Intervention de Monique Cerisier-ben Guiga

Réunion du 16 novembre 2006 à 15h00
Financement de la sécurité sociale pour 2007 — Article 41

Photo de Monique Cerisier-ben GuigaMonique Cerisier-ben Guiga :

Monsieur le ministre, l'article 41 n'apporte que des réponses très partielles à la question du droit à l'exercice de la médecine par les 6 000 praticiens étrangers actuellement en activité dans les hôpitaux français : ils exercent, mais ils n'ont pas le droit de le faire...

Sans eux, bien des hôpitaux de proximité fermeraient. Sans eux, à peu près aucun service d'urgence ne fonctionnerait. Sans eux, les Français seraient souvent privés de soins aujourd'hui et, sans eux, surtout, ils auront de plus en plus de mal à être soignés dans un proche avenir.

Je rappelle que, d'après les statistiques publiées par votre ministère, l'hypothèse admise est que le nombre de médecins en activité en France sera passé de 205 200 en 2002 à 186 000 en 2025 ; il ne restera plus que 283 médecins pour 100 000 habitants en 2025, à comparer aux 335 médecins pour 100 000 de 2002.

Pourquoi s'obstiner dans la discrimination à l'encontre de médecins à doctorat étranger, dont le diplôme est reconnu pour donner des soins, pour assumer la responsabilité réelle d'un service et pour former des jeunes médecins, mais pas pour obtenir le droit d'exercer ni pour être convenablement rémunéré ? Est-ce l'intérêt de la population française ? Est-ce juste envers ces 6 000 médecins ?

À notre avis, ce blocage est destiné à ne pas aggraver davantage le déficit des hôpitaux, objectif qui, semble-t-il, suppose pour le Gouvernement de maintenir 6 000 praticiens à doctorat ou à diplôme étranger dans la précarité statutaire et la sous-rémunération.

Je citerai un exemple parmi d'autres, mais qui me touche particulièrement parce que je représente les Français de l'étranger.

« Citoyen français né à l'étranger, titulaire d'un doctorat en médecine algérien et diplômé en santé publique, j'ai exercé pendant six ans en Algérie en tant que clinicien et chef d'un service d'épidémiologie », m'écrit un correspondant. « J'exerce depuis 1994 en France, où je dirige un département de santé publique et coordonne plusieurs projets de santé. J'ai également des activités d'enseignement hospitalo-universitaire dans une faculté, mais je n'ai pas le droit d'exercer la médecine en France. »

Invraisemblable situation !

Que proposez-vous, monsieur le ministre, à ce médecin et à ses milliers de confrères qui, très généralement, sont des citoyens français ?

Vous nous présentez un texte qui est très en retrait sur la jurisprudence de la Cour de justice européenne, laquelle, dans un arrêt du 14 septembre 2002, a statué qu'« un ressortissant communautaire dont le diplôme a été acquis hors de l'Union européenne a le droit de faire valoir ses titres et ses expériences acquis tout au long de sa carrière afin de se voir reconnaître l'exercice plein et entier de la médecine ».

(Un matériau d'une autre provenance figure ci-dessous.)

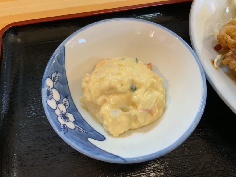 小鉢のポテトサラダ。最初、こっちがタルタルソースだと勘違いしたのは内緒。具沢山でゴロゴロしています。
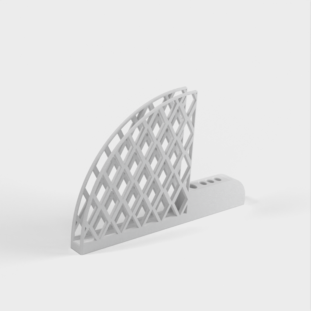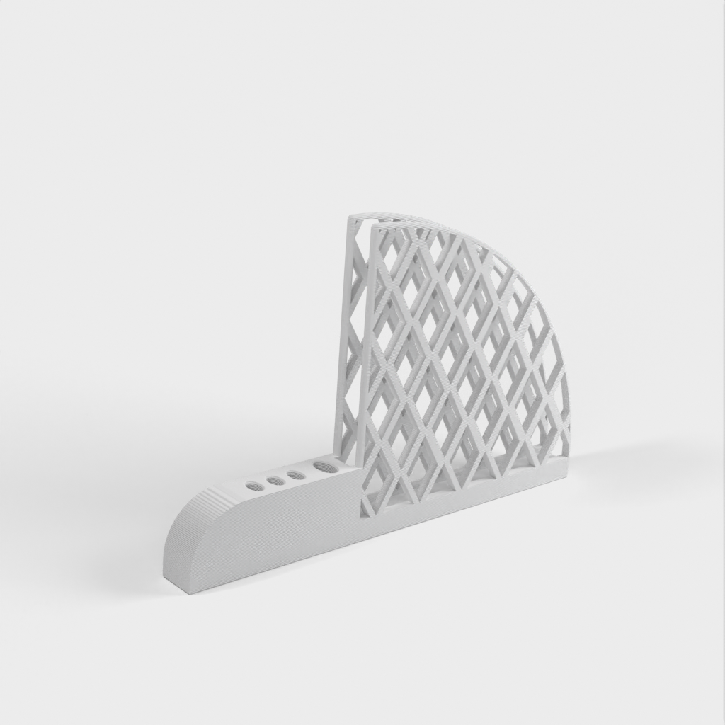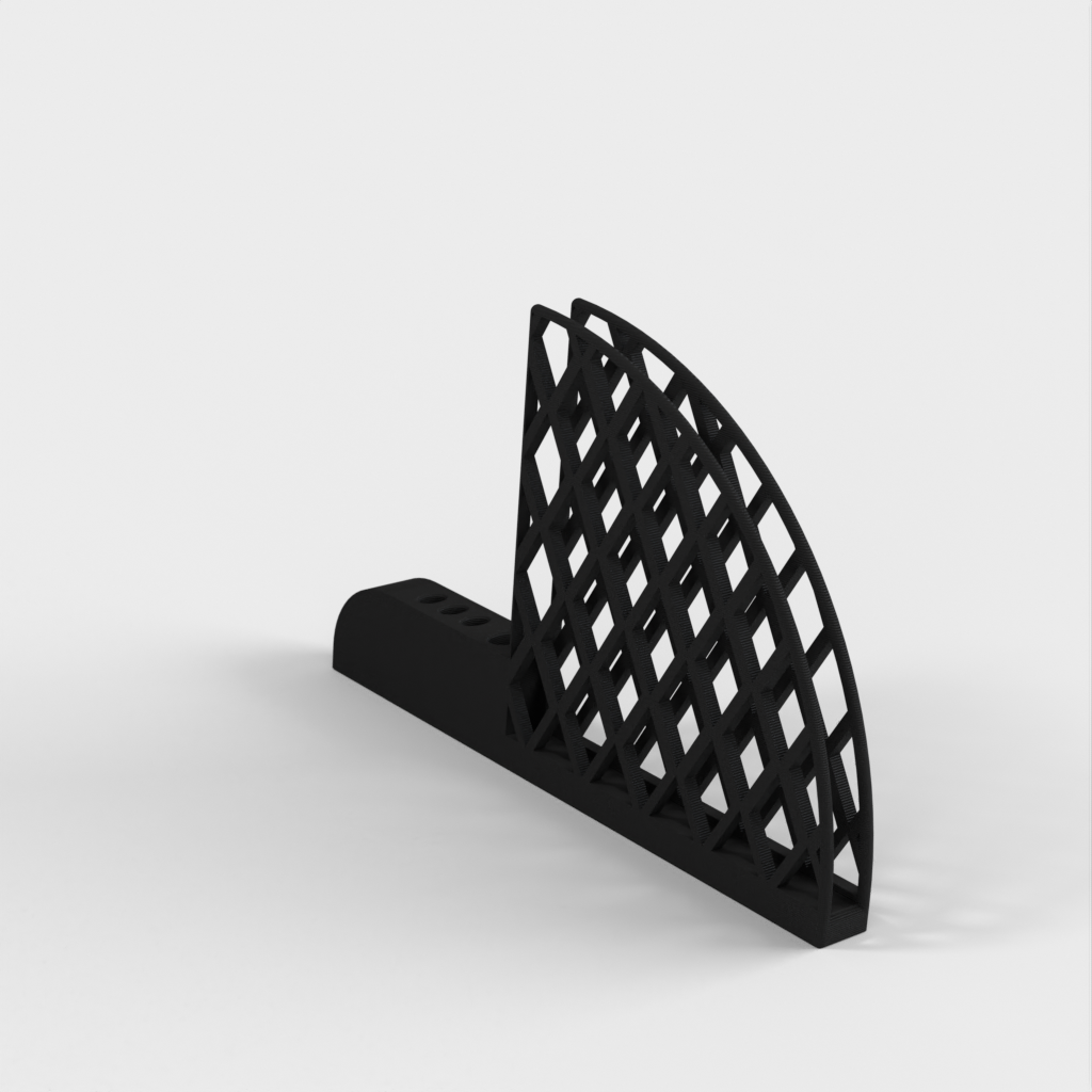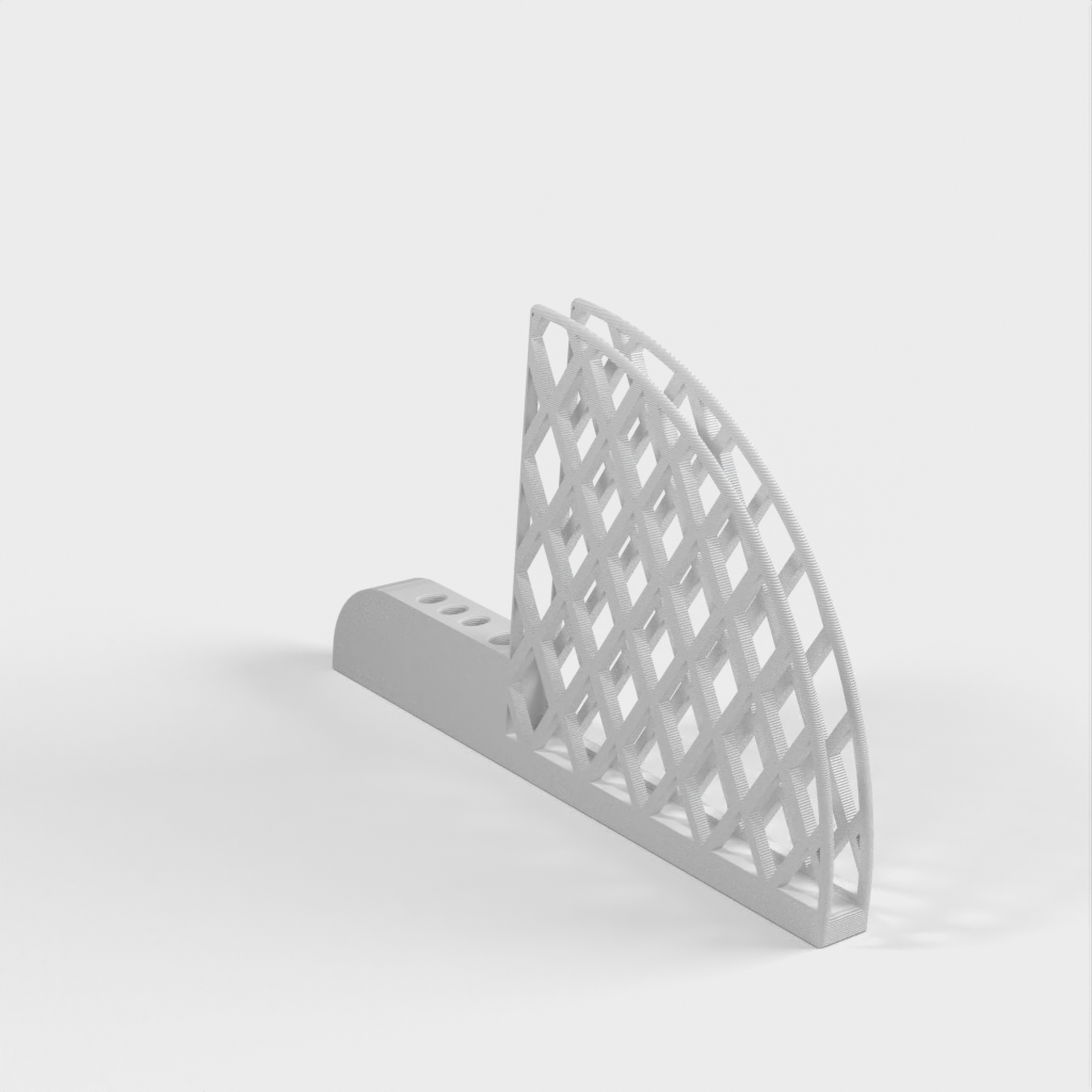 Porta filtro e cucchiaino per caffè progettato per i filtri Hario V60. Ha un grande foro per il cucchiaio per adattarsi a un manico ellittico da 5 mm x 10 mm e tre piccoli fori per adattarsi a un cucchiaio da 3 mm x 6 mm. Ogni foro ha un offset di 1 mm per adattarsi allo spazio. Il prodotto pesa 67 g e la stampa richiede circa 13 ore.

C'est cette reconnaissance des acquis de l'expérience qui fait le plus défaut dans ce projet de loi.

Mais celui-ci est également très en retrait par rapport aux solutions adoptées le 28 avril 2004 par le Conseil national de l'ordre des médecins.

Enfin, il est très insuffisant au regard de l'avis formulé par la HALDE, la Haute autorité de lutte contre les discriminations et pour l'égalité, dans sa délibération n° 2005-56 du 27 février 2005, avis repris et précisé dans sa délibération du 6 novembre 2006.

Les deux reproches que formule la HALDE sur l'article 41 sont les suivants : « il ne permet pas de prendre suffisamment en compte l'expérience des praticiens acquise en France » - c'est donc le même grief que celui que l'on peut formuler en se fondant sur la jurisprudence de la Cour de justice européenne - et « il ne permet pas de palier les carences de la procédure discrétionnaire soumise à une décision non motivée ».

La HALDE, qui aurait dû être consultée pour avis sur ce texte, ne l'a pas été. Elle avait jugé, dès le 27 février 2005, que le dispositif faisant participer les praticiens hospitaliers diplômés hors de l'Union européenne à l'exercice de la médecine sans possibilité de l'exercer pleinement « constituait une discrimination fondée sur l'origine, prohibée dans la fonction publique et dans l'accès aux professions libérales ».